Through experimentation and play, Ji interrogates and mismatches genres, situating herself within a unique practice at the crossroads of design, development, strategy and branding. “I think design is inherently interdisciplinary,” she says, “it’s non-linear and messy by nature.” The friends and creatives Ji looks up to are never purely designers: “they’re programmers who write poems, strategists who forage, technologists who are also beekeepers,” she says, which results in work that exists within in-between spaces. “I want to learn everything about food, farming, climate, design, technology, each shift pushes me” Ji says. “The more I learn, the more I see that design, or really, any meaningful work, is about understanding systems, relationships, and the way people move through the world.”
Ji’s journey into design is one that is in part responsible for her insatiable pursuit of information. “I wish I had an interesting lore, like coding my first web art at nine or building my first software in middle school or something like that,” Ji says, “but unfortunately, I was just a loser who was chronically online.” Ji grew up with no screen time limits, parental controls or, indeed, restrictions of any kind. “Luckily, being terminally online eventually turned into an appreciation for programming and visual language of the web,” Ji adds. By the time college applications rolled around, she realised that what she’s been obsessed with fell under the category of graphic design. “So I took the formal route,” Ji ends, “I went to art school in New York, and became a graphic designer.”

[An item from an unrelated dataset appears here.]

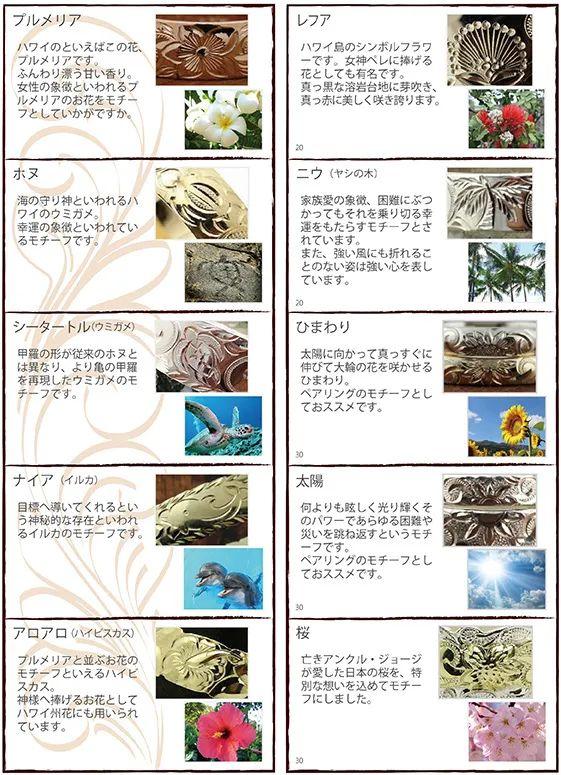 之所以說 Hawaiian Palms Jewelry 的產品足夠地道,是因為這一品牌對于夏威夷珠寶的花紋及圖案設計極其講究。除了幾種常見的花紋樣式,Hawaiian Palms Jewelry 還將當?shù)刂拿{凱亞火山、多型鐵心木、尤克里里等你能想到的所有夏威夷文化象征都化為了一個個符號,賦予在珠寶當中。打開它們的官網更是能看到大量關于夏威夷珠寶的歷史背景,以及各類花紋樣式含義的圖鑒與資料。

Ji Park: Navigation (Copyright © Ji Park 2024)
Ji Park: Moon (Copyright © Ji Park 2024)
Ji Park: Pungsujiri Compass (Copyright © Ji Park 2021)
Ji Park: Mushroom (Copyright © Ji Park 2024)
Ji Park: Bacteria (Copyright © Ji Park 2024)
Ji Park: Jangs Muller Type Foundry (Copyright © Ji Park 2023)
Ji Park: Seed library at our farm (Copyright © Ji Park 2021)
Ji Park: Terminal (Copyright © Ji Park 2024)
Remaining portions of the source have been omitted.